Kitabı oku: «Laurel Vane; or, The Girls' Conspiracy», sayfa 11
CHAPTER XXXVII
That day on which Ross Powell saw Laurel with her husband was the last of a series of happy walks and rides she had taken with St. Leon.
On that day that closed in so softly with the goldenest sunshine and tenderest twilight, that day seemed too fair for a day of fate, the suspended sword fell.
Yet she had never felt its shadow less than she did that day. She gave herself up blindly to her happiness, prizing it all the more because she knew it could not last. When she went to dress for her drive that evening she was most particular about her toilet. She chose a Parisian robe of cream and ruby colors, that was particularly becoming. Her bonnet was of creamy duchess lace, and its coronet of pale-pink rosebuds rested daintily against her rich golden waves of hair. The delicate lace at her throat was held by a gold bar set with pink coral and diamonds. Her boots and gloves were Parisian; her rose satin parasol shed a lovely glow over her pearl-fair complexion.
She was lovely as a dream, and she looked the dainty aristocrat from head to foot. St. Leon Le Roy said to himself with pardonable pride that he had won the most beautiful woman in the world for his wife.
She had never enjoyed a ride more than she did that afternoon. St. Leon had never been more tender and devoted. It was like heaven to look up into those dark, speaking eyes and read the love and adoration in his face. It filled her with a great passionate rapture and delight. She worshiped her noble husband with the blindest, most unreasoning passion woman's heart ever knew. In him she "lived and moved and had her being."
She had forgotten for a little while the brooding shadow of the sword that hung ever over her head. The sunshine was reflected in her eyes, smiles were on her lips, when suddenly like a thunderbolt falling from a clear sky, the sight of Ross Powell's face came before her—that evil face which she both hated and dreaded, remembering how he had sworn to be revenged on her for her just womanly scorn.

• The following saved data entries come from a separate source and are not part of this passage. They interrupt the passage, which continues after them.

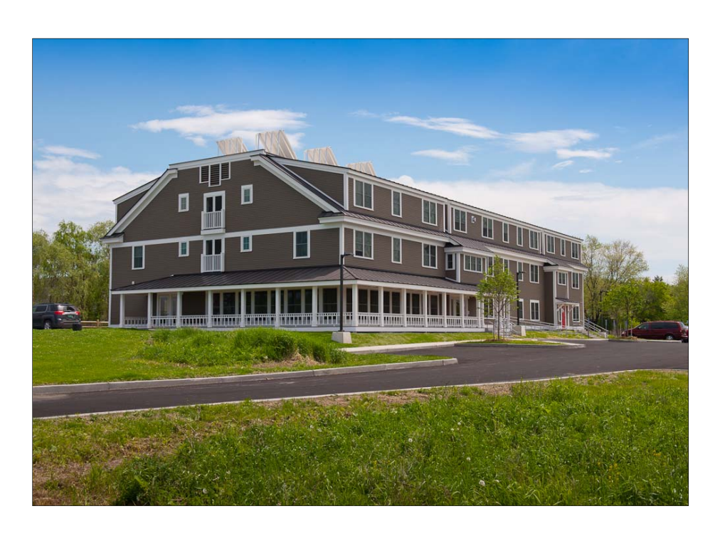
Armory Lane, Vergennes 25 new construction apartments for seniors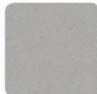
Ice Silver Metallic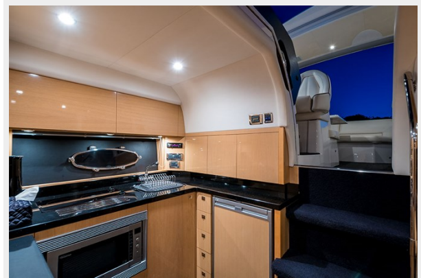
BMS Maritimo Princess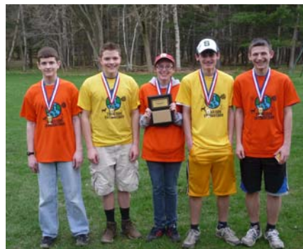
Left Picture: 2011 Envirothon Winners, Perry High School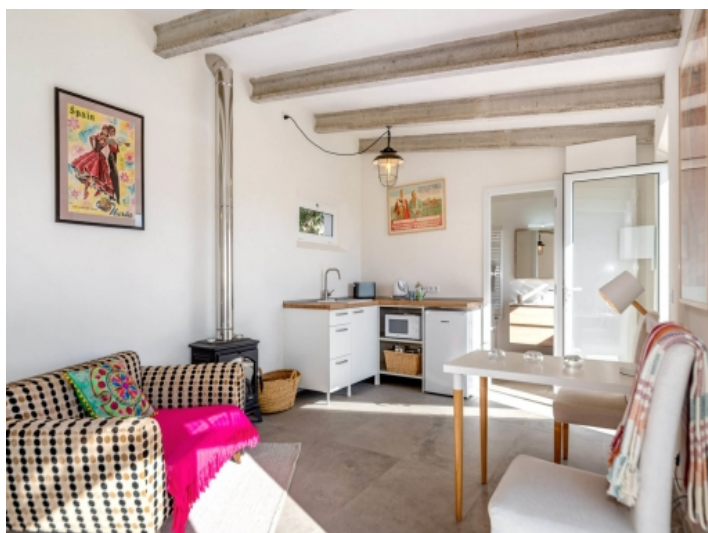
Open living and bedroom area

In that moment the sun went out of her sky, the light went out of her life. She stifled the wail of dismay that rose to her lips, and sunk back among the satin cushions pale as death, her breath coming and going in great panting gasps, a mute terror in the depths of her wide, dark eyes.
He recognized her. She read that in the wonder and amaze that flashed over his face. What would he do? she asked herself. She almost expected to see him spring to her horses' heads, and, checking them with a grasp of his infuriated hands, charge her then and there with her sin.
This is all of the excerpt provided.